Oxfam n’est pas la seule organisation à tirer sur les inégalités dans le pays à l’approche des assises de la fiscalité. Selon le parti du Progrès et du Socialisme (PPS), faisant partie de la coalition gouvernementale, la fiscalité dans le pays a besoin d’une révision complète.

Plusieurs constats dressés par ce parti de gauche affirment que les inégalités fiscales ne cessent de se creuser. Plus en détails, le parti affirme que 62% des 16.000 médecins au Maroc paient moins de 10.000 DH d’IR par an. Dans le même sens, plus de 5000 commerçants grossistes versent moins de 5000 DH d’IR ou d’IS par an alors que 47.000 entreprises du commerce de gros réalisent un chiffre d’affaires annuel de 53 Mds DH, sans déclarer de résultats.

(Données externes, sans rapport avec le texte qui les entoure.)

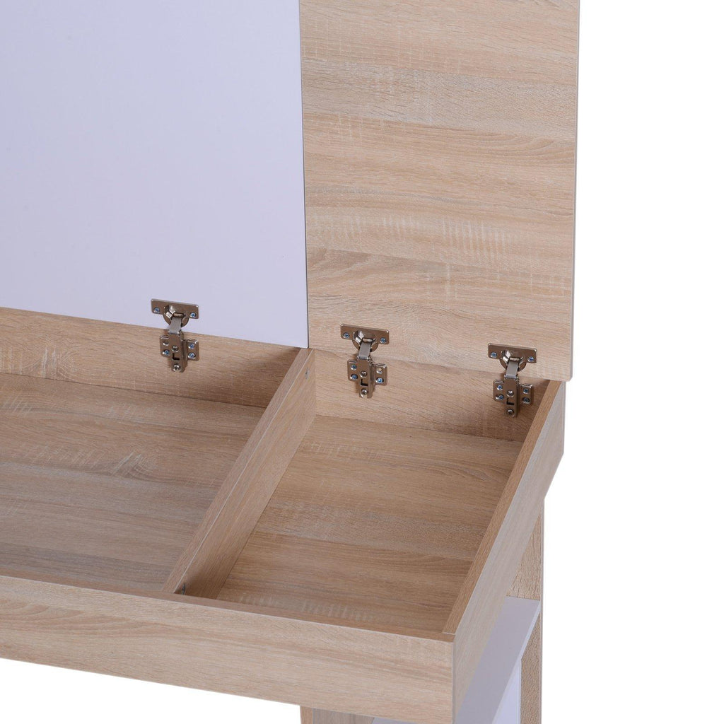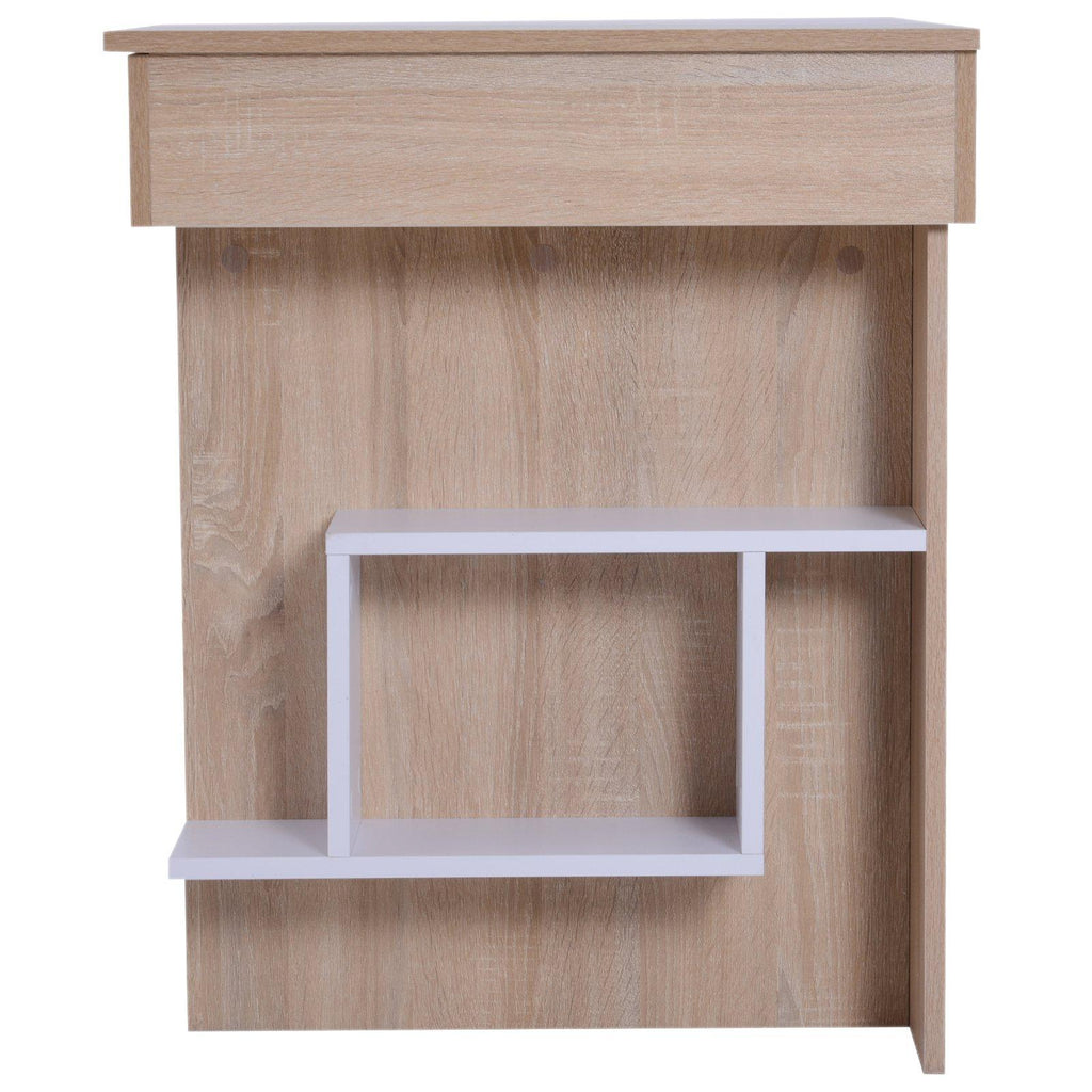 Es bietet ausreichend Platz für Computer, Drucker und mehr und verfügt über ein verstecktes Regal in der Arbeitsplatte sowie ein Seitenregal.

« Sur la période 2006 à 2013, les dérogations fiscales ont totalisé pour un pays à revenu intermédiaire comme le Maroc la somme hallucinante de 234 Md DH, soit 1.3 fois les recettes fiscales prévues en 2014 ou plus de 28% de la richesse produite chaque année ! Et encore, ce chiffre ne reflète pas toute la réalité, puisque sur les 412 dispositions dérogatoires recensées par l’administration fiscale en 2013, seules 302 ont fait l’objet d’une évaluation qui est parfois discutable. L’État ne dispose donc d’aucune visibilité sur l’impact financier des 110 dépenses fiscales non mesurées, mais les maintient en acceptant l’opacité totale », lit-on sur un document du parti qui sera soumis comme proposition lors des assises prévues à Rabat les 3 et 4 mai.